Give exactly the lines from the one that contains "Today, similar imagery" through the end of the entries below, both included; the pictures stay out.

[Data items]
+--

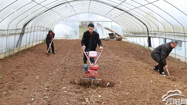 2月25日,人和街道龙水村蔬菜种植基地,农民在大棚里整地。随着天气转暖,我县各地开始了忙碌的春耕。(王彬彬 摄)
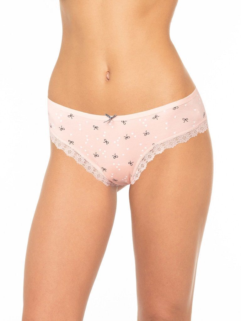 Эти трусики-слипы с кружевной отделкой подарят вам ощущение нежности и уверенности. Изготовленные из высококачественного хлопка с добавлением спандекса, они идеально облегают фигуру, обеспечивая комфорт на весь день. Принт в виде милых бантиков и сердечек добавляет игривости и романтики, делая их отличным выбором для повседневного ношения.
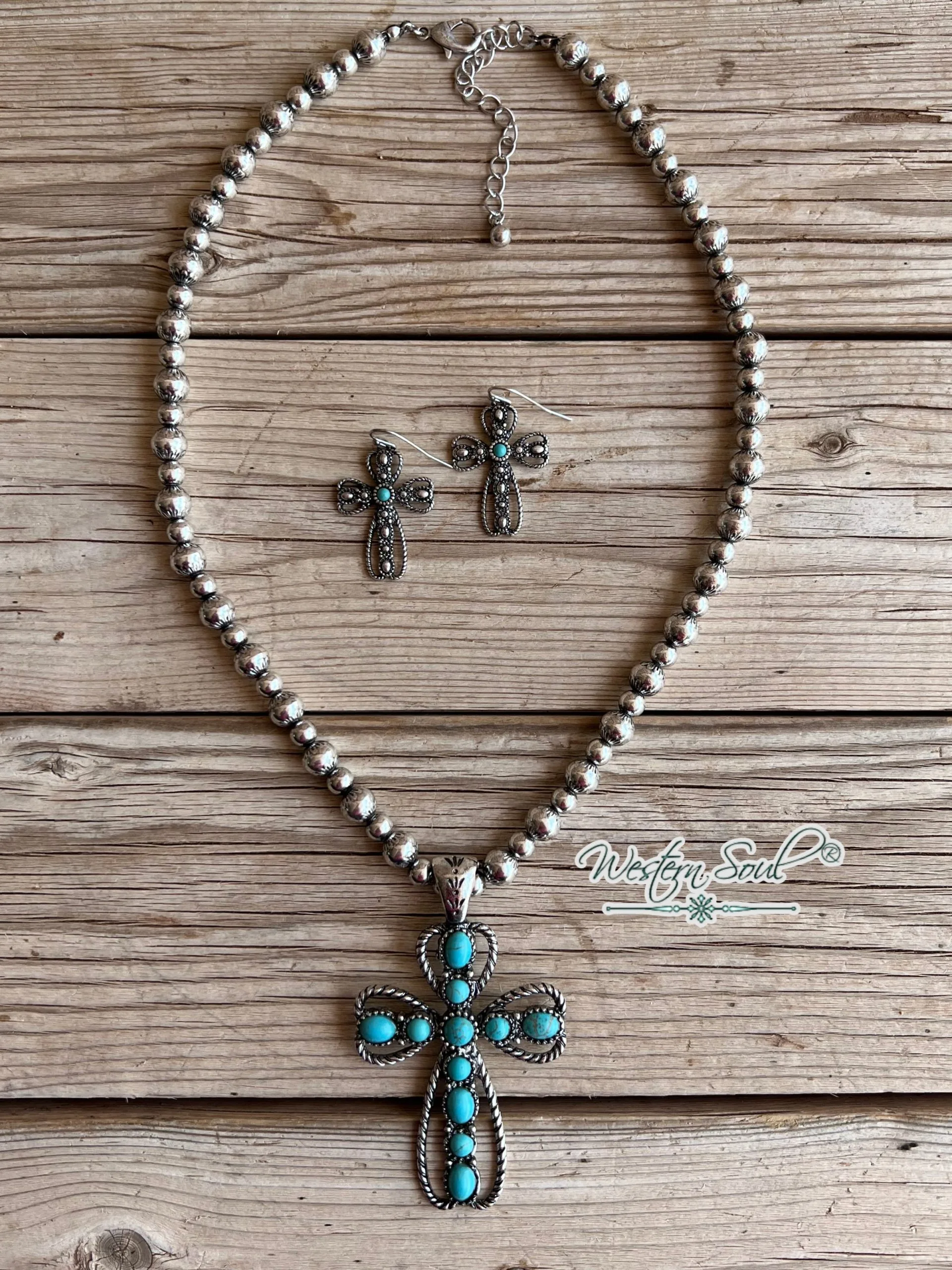 This Western Cross Necklace Set is a look that’ll lasso your heart! It features a cross pendant and matching earrings for a timeless style that will have heads turnin’ to get a second look.Â
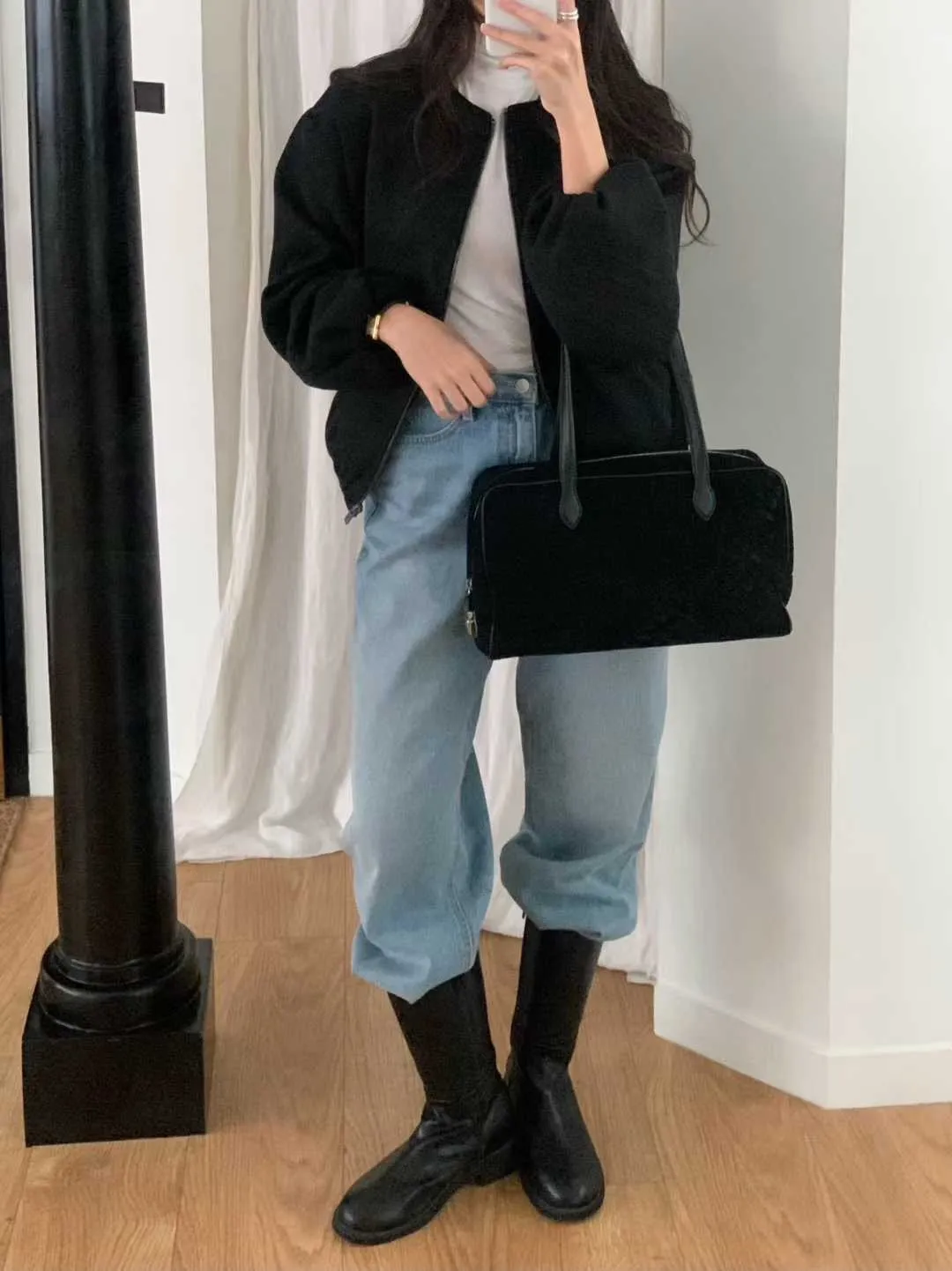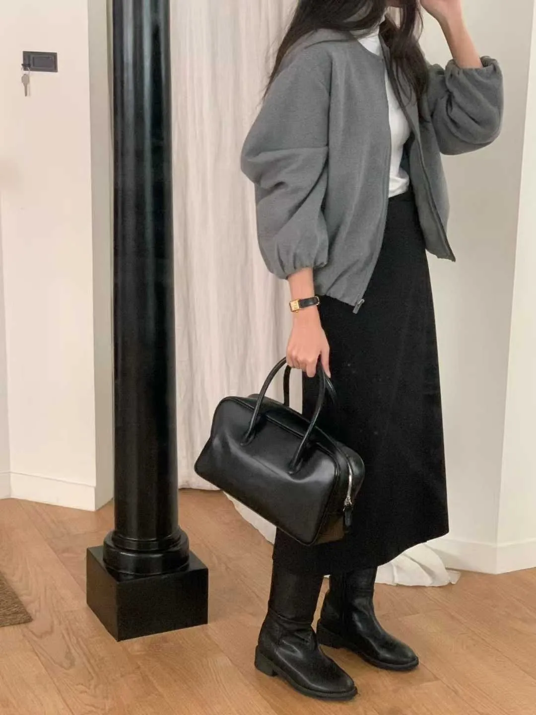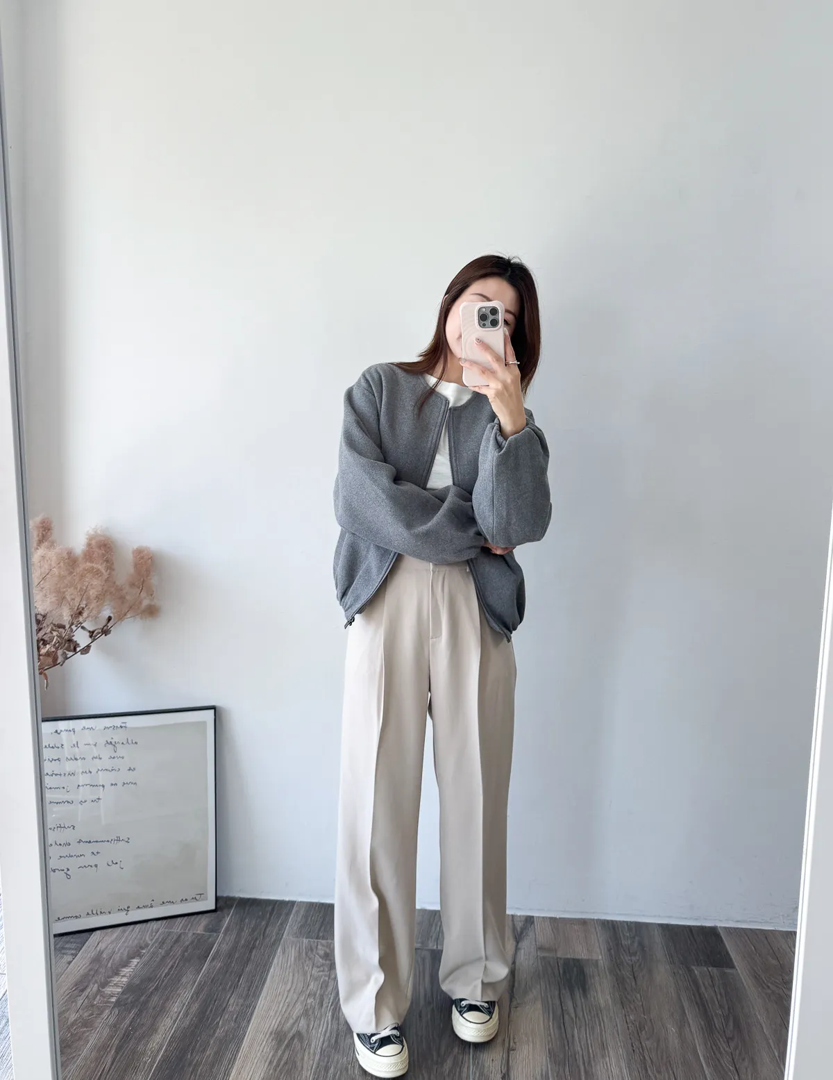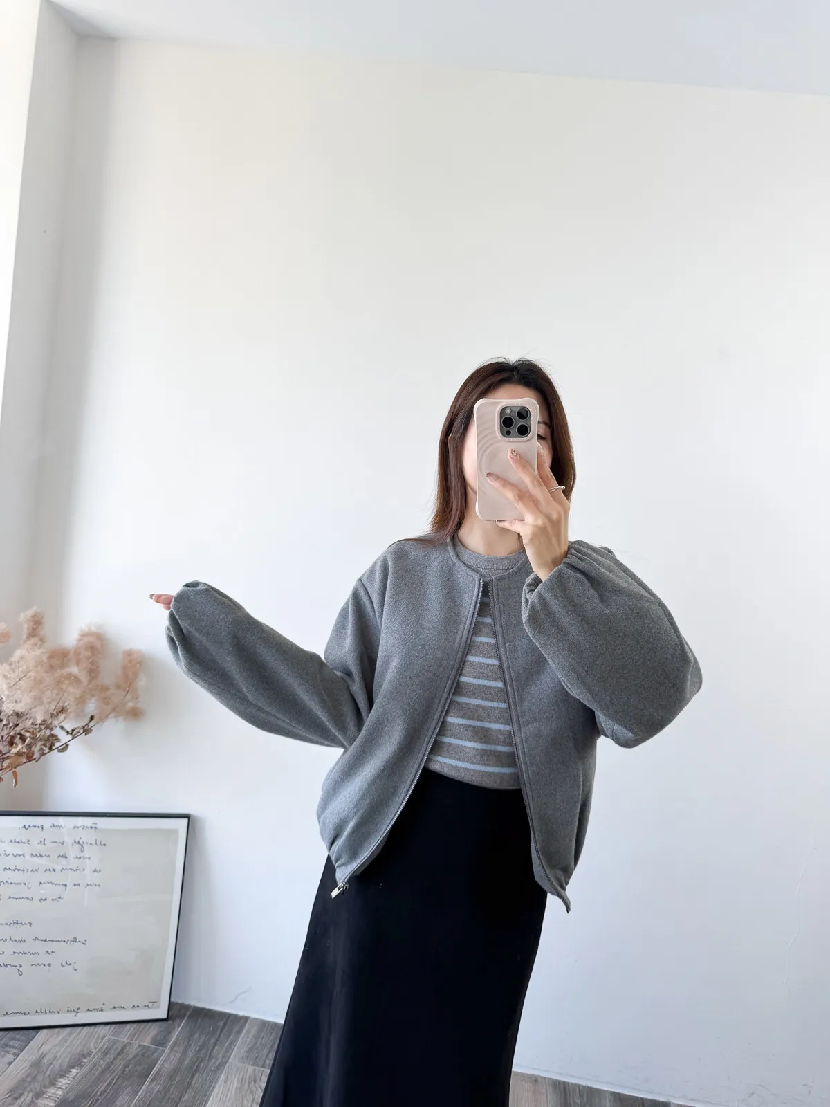 Wool 20% / 有內裏 / 無彈性 極簡版型~ 無領設計下擺還有內縮QQ邊! 如果平常不喜歡穿太厚重外套的話 這款很推薦唷~ 輕鬆好駕馭 而且布料質感也好讚吶! Model 158/48(腰26 臀35.5吋) detail/
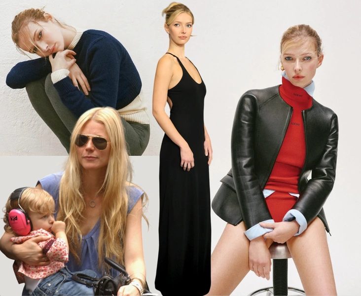 Узнаваемая фамилия и визуальная ДНК (галочка напротив Эппл: Пэлтроу + Мартин, архив Calvin Klein, нежный «голливудский минимализм» 90‑х);
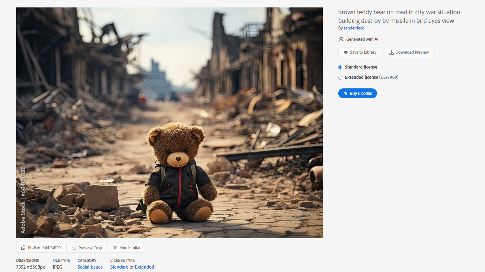 Today, similar imagery is being sold related to Gaza. This image of a teddy bear on the streets of a bombed city is presented when you search Adobe Stock photographs for pictures of Palestinians.
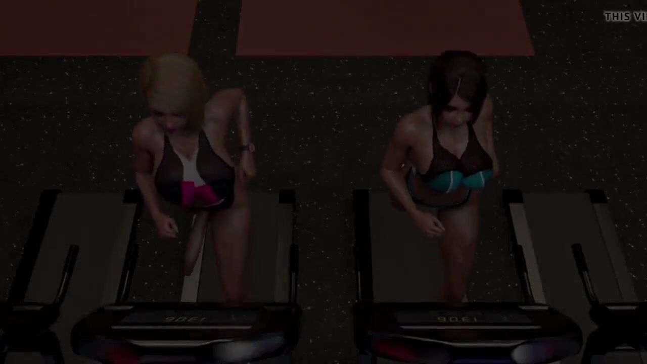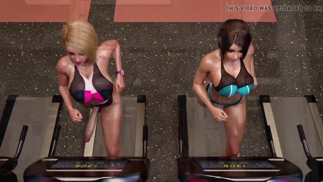 Big tits futanari babes having sex in a gym
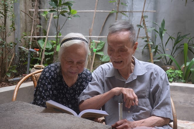 Nhà báo đại tá Nguyễn Khắc Tiếp bên người vợ đã bước sang tuổi 85. (Ảnh: cand.com.vn)
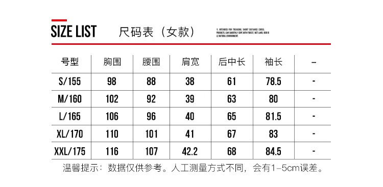 China (cm) 160-165/84-86 165-170 / 88-90 167-172 / 92-96 168-173 / 98-102 170-176 / 106-110
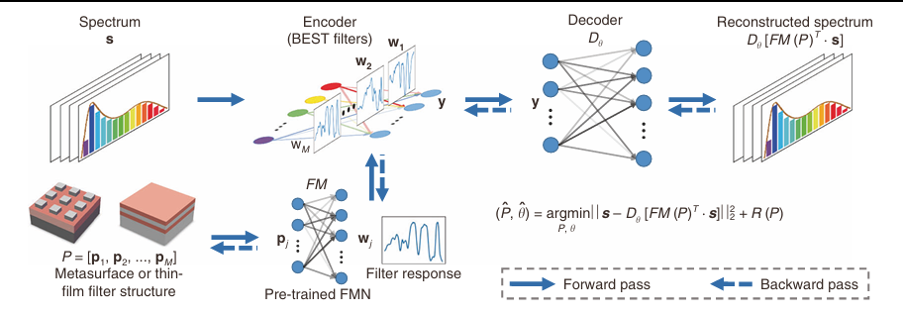Они совместно обучали кривые отклика фильтров (в качестве спектрального кодировщика) и сеть декодера для реконструкции спектра. Благодаря развитию индустрии производства тонкоплёночных фильтров они смогли разрабатывать разнообразные функции отклика фильтров, оптимальные для декодера.

+--

* Written solution:
 Today, similar imagery is being sold related to Gaza. This image of a teddy bear on the streets of a bombed city is presented when you search Adobe Stock photographs for pictures of Palestinians.
 Big tits futanari babes having sex in a gym
 Nhà báo đại tá Nguyễn Khắc Tiếp bên người vợ đã bước sang tuổi 85. (Ảnh: cand.com.vn)
 China (cm) 160-165/84-86 165-170 / 88-90 167-172 / 92-96 168-173 / 98-102 170-176 / 106-110
Они совместно обучали кривые отклика фильтров (в качестве спектрального кодировщика) и сеть декодера для реконструкции спектра. Благодаря развитию индустрии производства тонкоплёночных фильтров они смогли разрабатывать разнообразные функции отклика фильтров, оптимальные для декодера.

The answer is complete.